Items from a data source
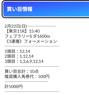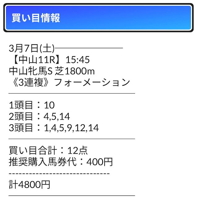 早速買い目を見ていきましょう。
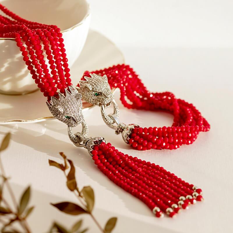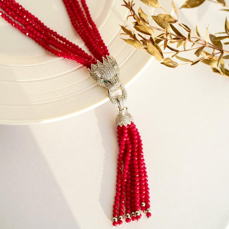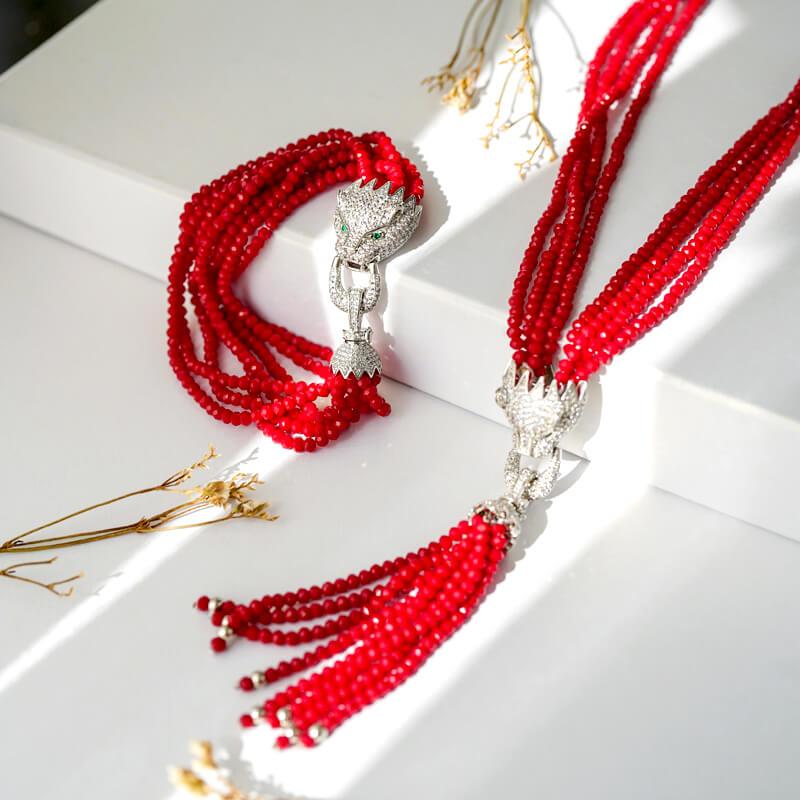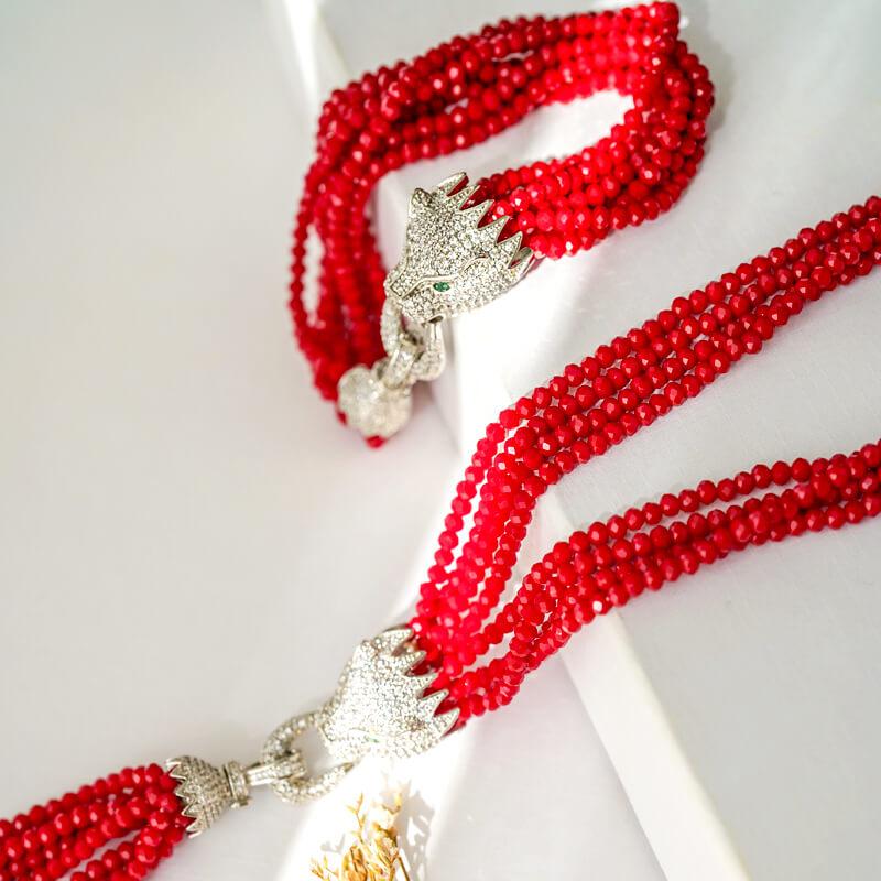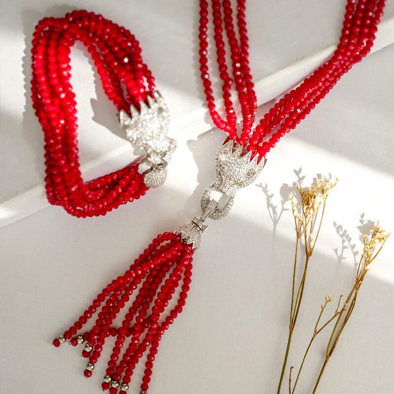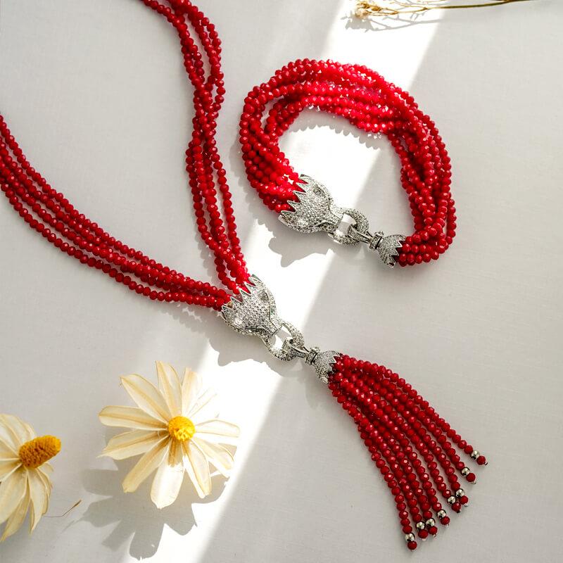 مجوهرات طقم سوار و قلادة كريستال احمر مع راس النمر
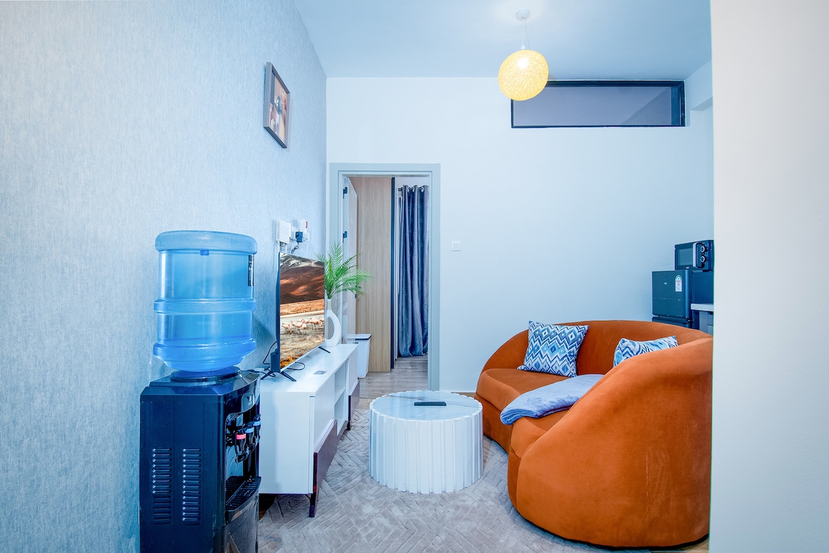 Concediti il lusso urbano nel nostro monolocale situato in posizione centrale, dotato di un sontuoso letto matrimoniale grande. Situato nel tranquillo e sicuro quartiere di Lavington, a soli 8 minuti a piedi dal vivace centro commerciale Junction Mall, il nostro edificio offre una vasta gamma di servizi, tra cui una piscina rinfrescante, una palestra completamente attrezzata, un incantevole focolare e un'area barbecue, il tutto all'interno di un cortile paesaggistico. Inoltre, goditi l'intrattenimento sulla nostra straordinaria TV da 70" con un abbonamento Netflix gratuito.
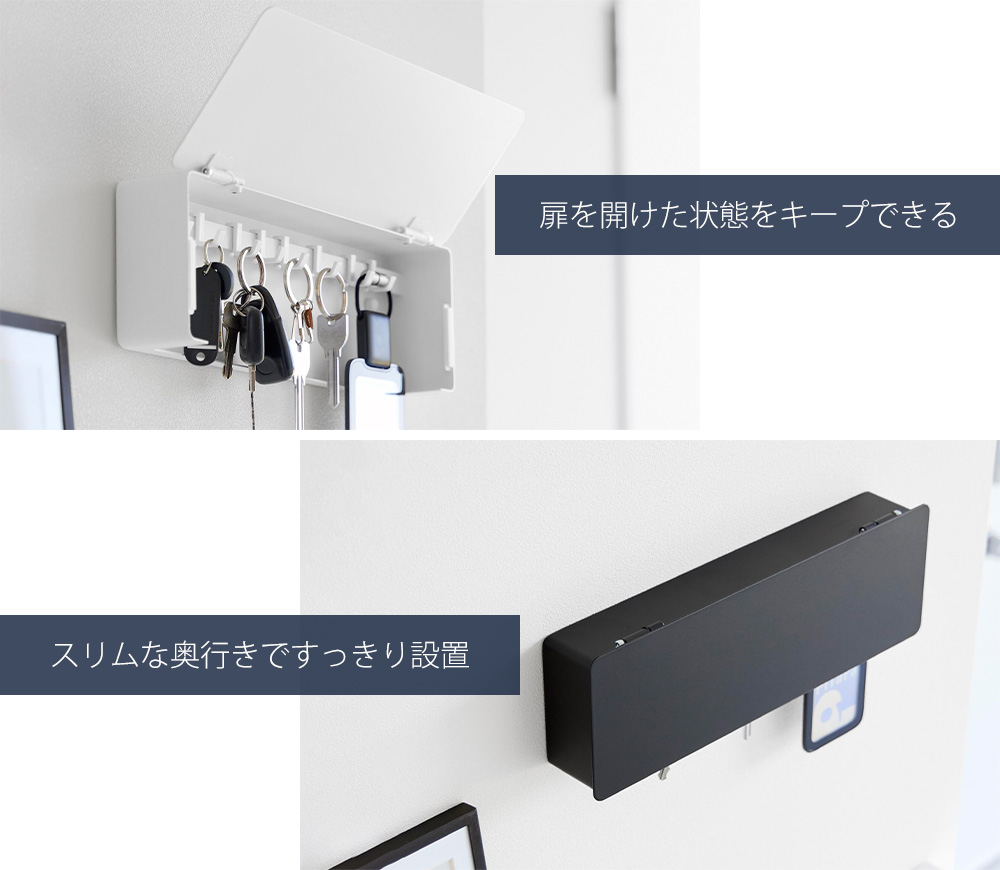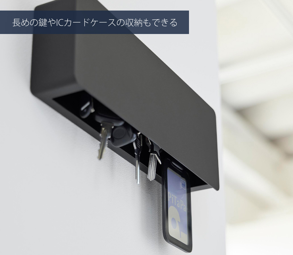下部が開いた設計なので、長めの鍵やICカードケースなども収納できます。様々な種類の鍵を収納することができて便利です。
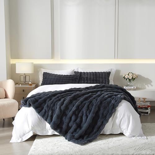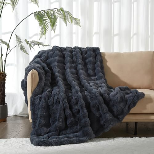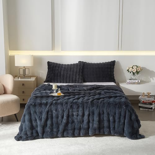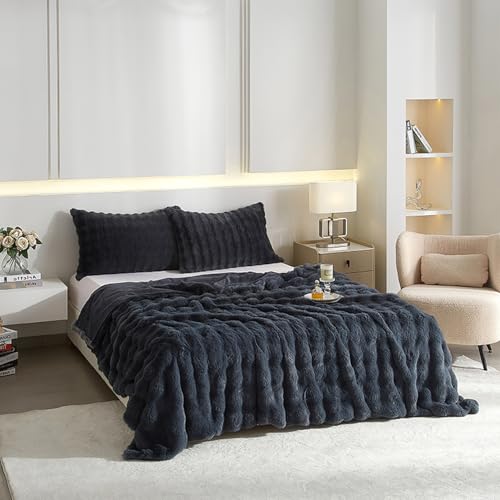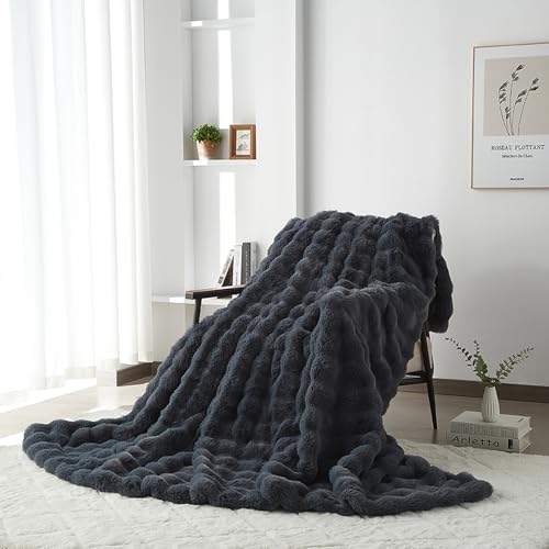 【Perfekte Geschenk】: weich und angenehm zu berühren wie Kaschmir, Der Flauschiger Plüsch warme und kuschelige Kaninchenfell kuscheldecke flauschig ist ein wirksamer Abschirmung gegen die Winterkälte und somit das perfekte Wintergeschenk für Familie und Freunde.
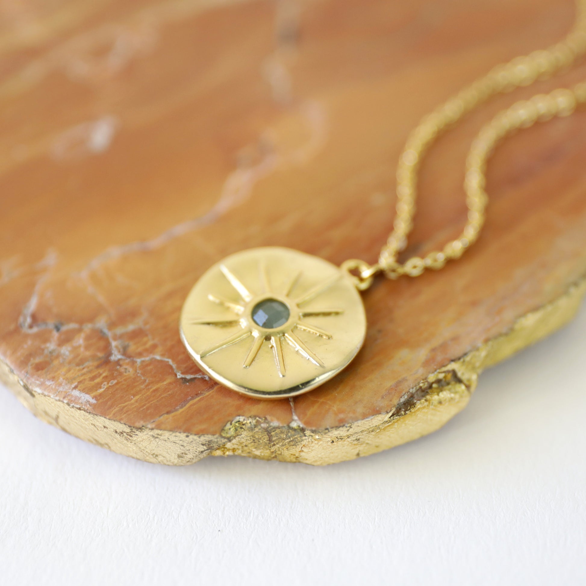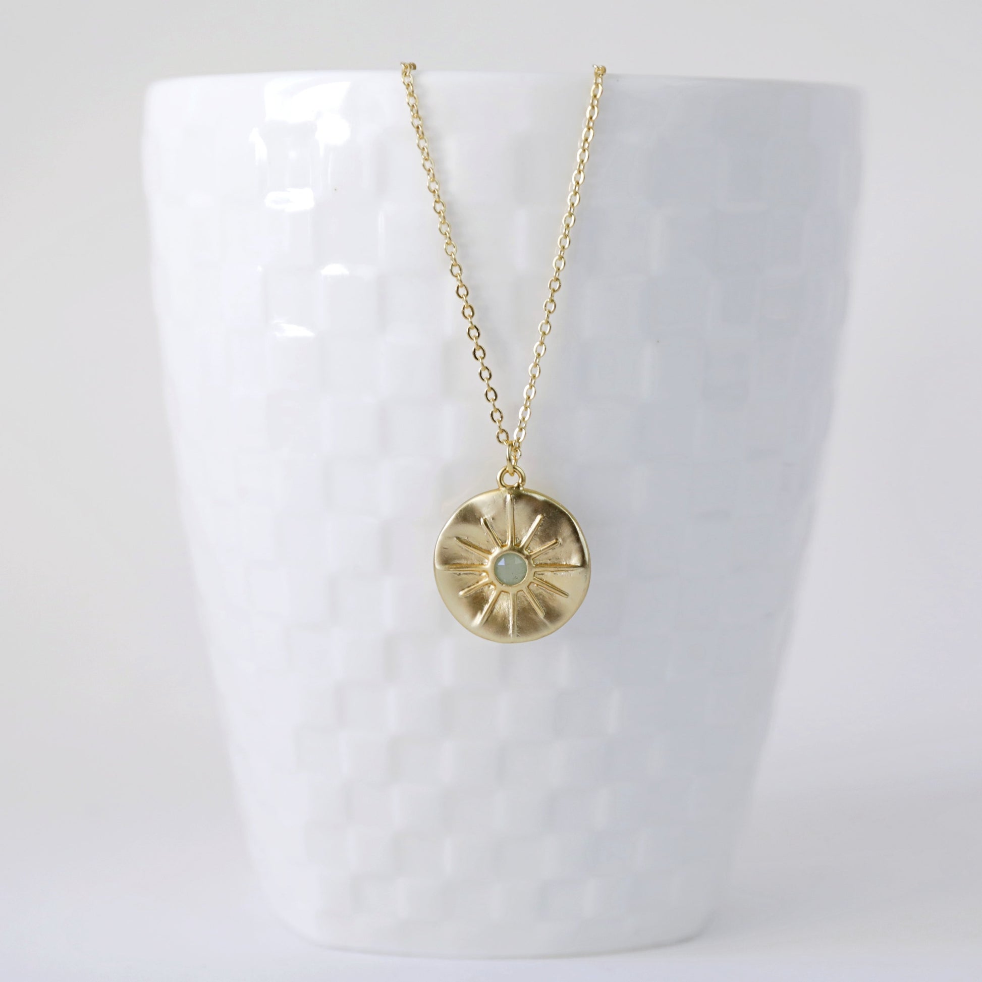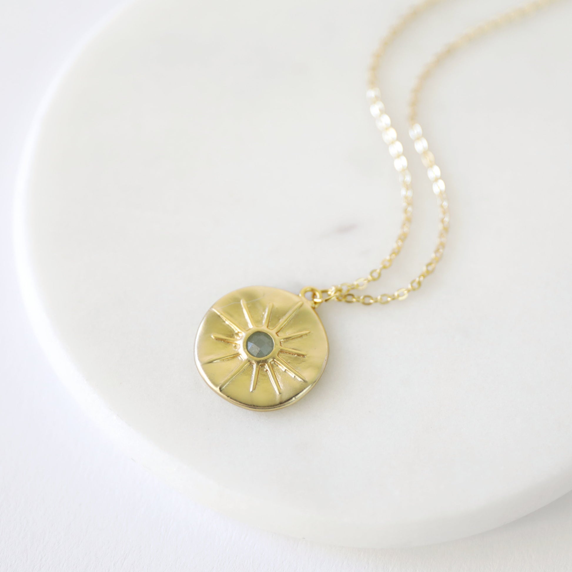 Beautiful and lovely gold star round charm necklace. Made of matte gold finish Green Aventurine stone star round charm with skinny gold plated brass chain. Simple and warm. Necklace will ship in a gift box. If you have any question, please feel free to contact me. Thanks :) ♥ Necklace length 16"+2" extend chain ♥ Charm 3/4" ♥ Gold plated over brass/ Green Aventurine ♥ Delivery Time Fast shipping within 1 - 3 days

● **Task description**
Take the entries above and restate them word for word, minus their images.

● **Response to this exercise**
 早速買い目を見ていきましょう。
 مجوهرات طقم سوار و قلادة كريستال احمر مع راس النمر
 Concediti il lusso urbano nel nostro monolocale situato in posizione centrale, dotato di un sontuoso letto matrimoniale grande. Situato nel tranquillo e sicuro quartiere di Lavington, a soli 8 minuti a piedi dal vivace centro commerciale Junction Mall, il nostro edificio offre una vasta gamma di servizi, tra cui una piscina rinfrescante, una palestra completamente attrezzata, un incantevole focolare e un'area barbecue, il tutto all'interno di un cortile paesaggistico. Inoltre, goditi l'intrattenimento sulla nostra straordinaria TV da 70" con un abbonamento Netflix gratuito.
下部が開いた設計なので、長めの鍵やICカードケースなども収納できます。様々な種類の鍵を収納することができて便利です。
 【Perfekte Geschenk】: weich und angenehm zu berühren wie Kaschmir, Der Flauschiger Plüsch warme und kuschelige Kaninchenfell kuscheldecke flauschig ist ein wirksamer Abschirmung gegen die Winterkälte und somit das perfekte Wintergeschenk für Familie und Freunde.
 Beautiful and lovely gold star round charm necklace. Made of matte gold finish Green Aventurine stone star round charm with skinny gold plated brass chain. Simple and warm. Necklace will ship in a gift box. If you have any question, please feel free to contact me. Thanks :) ♥ Necklace length 16"+2" extend chain ♥ Charm 3/4" ♥ Gold plated over brass/ Green Aventurine ♥ Delivery Time Fast shipping within 1 - 3 days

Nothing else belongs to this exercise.